Data structure

Pymepps is a system to read and process meteorological data. So we defined some base types and tools for an easier read and process workflow.

File handlers

File handlers are used to read in the data. A file handler is working on file basis, such that one file handler could only process one file. There different file handlers for different file types. Some are only to read in spatial data and some could only read in time series data. But all file handlers have three common methods:

  • Method to load the data into the memory
  • Method to get the variable names within the file
  • Method to extract a variable and prepare the variable for the dataset.

The method to extract a variable uses a message based interface so that similar files could be merged within a dataset.

NetCDF handler

The NetCDF handler could be used to read in netcdf files. The NetCDF handler is based on the xarray and the netcdf4 package, so it is also possible to load opendap data streams with this handler. The NetCDF handler could be used to read in spatial and time series files. At the moment the load of time series data with this handler is only tested for measurement data from the “Universtät Hamburg”.

Grib handler

The grib handler could be used to read in grib1 and grib2 files. The grib handler is based on the pygrib package. The grib handler could be only used to read in spatial data, due to the requirements of a grib file.
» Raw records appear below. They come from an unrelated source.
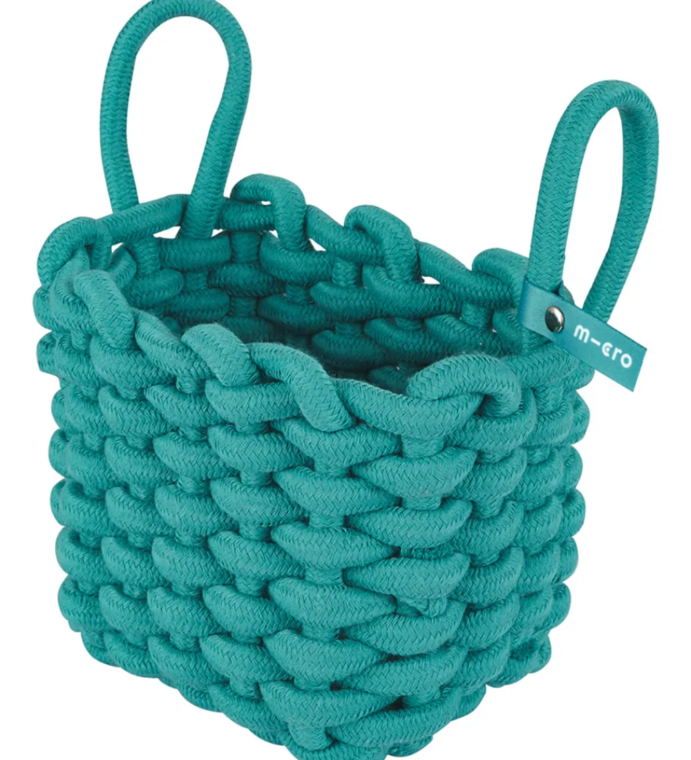 Fin Micro kurv til løbehjul i en blågrøn nuance med et flettet design.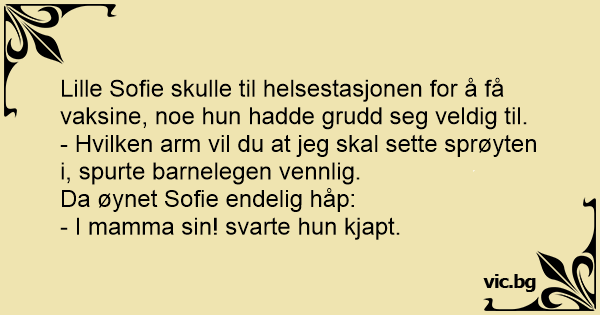 Lille Sofie skulle til helsestasjonen for å få vaksine, noe hun hadde grudd seg veldig til.
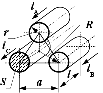 Рис 3.3.1 Рис 3.3.2 3.4. ОПРЕДЕЛЕНИЕ ПОТЕРЬ МОЩНОСТИ В СИСТЕМЕ ПОДВИЖНЫХ КОНТАКТОВ На рис. 3.4 показана трёхфазная симметричная система токов (токи в фазах равны друг другу и сдвинуты на 120) при расположении сплошных круглых токоведущих элементов (ТЭ) в вершинах равностороннего треугольника. Используя примеры подобных расчётов в {6, стр. 117}, определим потери в ТЭ. Система подвижных контактов Исходными данными служат геометрические размеры ТЭ r = 0,0125 м; R = 0,1575 м; a = 2.R.Cos30 = 0,2728 м; l = 0,175 м. Удельное сопротивление меди при 0С 0 = 1,62.10-8 Ом.м. Температурный коэффициент сопротивления меди cu = 4,3.10-3 К-1. Максимально допустимая температура медных ТЭ в элегазе (номинальный режим) доп = 105С. Расчёту подлежат: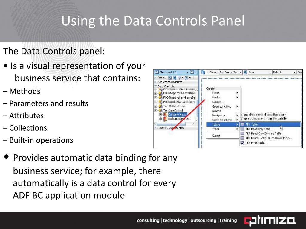 Using the Data Controls Panel The Data Controls panel: • Is a visual representation of your business service that contains: – Methods – Parameters and results – Attributes – Collections – Built-in operations • Provides automatic data binding for any business service; for example, there automatically is a data control for every ADF BC application module

At the moment there are only these two differnt file handlers, but it is planned to implement some other file handlers to read in hdf4/5 and csv based data.

Dataset

Datasets are used to combine file handlers and to manage the variable selection. A dataset is working at multiple file level. The messages of the file handlers are bundled to spatial or time series data. So the two different dataset types the spatial and the times series dataset have a merge method in common.

Spatial dataset

A spatial dataset is used to combine the file handlers, which are capable to read in spatial data. The spatial dataset interacts on the same level as the climate data operators (cdo). So it is possible to process the data of a spatial dataset with some of the cdos. A method for the general support of the cdos is planned. The spatial dataset also creates the grid for the spatial data. The grid could be either predefined or is read in with the griddes function from the cdo.

Time series dataset

A time series dataset is used to combine the times series file handlers. A time series dataset is valid for a given coordinates, so it is possible to defined a coordinate tuple. If no coordinate tuple is set the time series dataset tries to infer the coordinates from the data origin.

Data

The main data types are based on xarray and pandas. Within this package these data structures are extended by accessors. The accessor could be accessed with a property named pp. With the use of accessors the namespace of the base data structures remains clean.

Spatial data

Spatial data is loaded as xarray.DataArray. The SpatialAccessor extends the DataArray structure by grid capabilities. With the grid it is possible to remap and slice the data based on coordinates and other grids. Every time the xarray.DataArray is modified with xarray internal methods a new grid has to be set. For more information, please see the example `example_set_grid`_.

Time series data

Time series data is loaded as pandas.Series or pandas.DataFrame. The PandasAccessor extends the pandas structure by some station specific capabilities. It is planned to expand the accessor in the future.

Grid

There are several different grids defined for processing of spatial data. The grids are inspired by the grid description of the cdo. So it is possible to read the grid from meteorological files with the cdos. The grids are defined to process xarray.DataArray and numpy.ndarray instances.

LatLonGrid

The LatLonGrid is defined for equal spaced latitude and longitude grids. The grid has two coordinate values for one grid point and could be described by a start, end and step value for both coordinates. If the grid is sliced it will become a new LatLonGrid.

GaussianGrid

The GaussianGrid is almost like a LatLonGrid the single difference is that one of two coordinates are unequal spaced. So for this coordinate the coordinate values have to be given. If the grid is sliced it will become a new GaussianGrid.

ProjectionGrid

The ProjectionGrid could be described by two evenly-distributed coordinates. The coordinates could be translated with a given projection to longitude and latitude coordinates. An example for a ProjectionGrid is a grid with rotated poles. If the grid is sliced it will become an UnstructuredGrid, due to the nature of the grid type.

CurvilinearGrid

The CurvilinearGrid could be described as a grid where four vertices are given for every grid point. The CurvilinearGrid has two coordinates in their own system and at the moment the latitude and longitude values have to be predefined for every grid point. If the grid is sliced it will become an UnstructuredGrid, due to the nature of the grid type.

UnstructuredGrid

The UnstructuredGrid could be described as a grid with n-vertices for every grid point. So internally the UnstructuredGrid has only the number of cells as coordinate. For cell center a latitude and longitude value have to be defined. An example for an UnstructuredGrid is the icosahedral grid of the Icosahedral Nonhydrostatic (ICON) model. If the grid is sliced it will be a new UnstructuredGrid.

GridBuilder

The grid builder is used to encode cdo-conform grid information into a grid.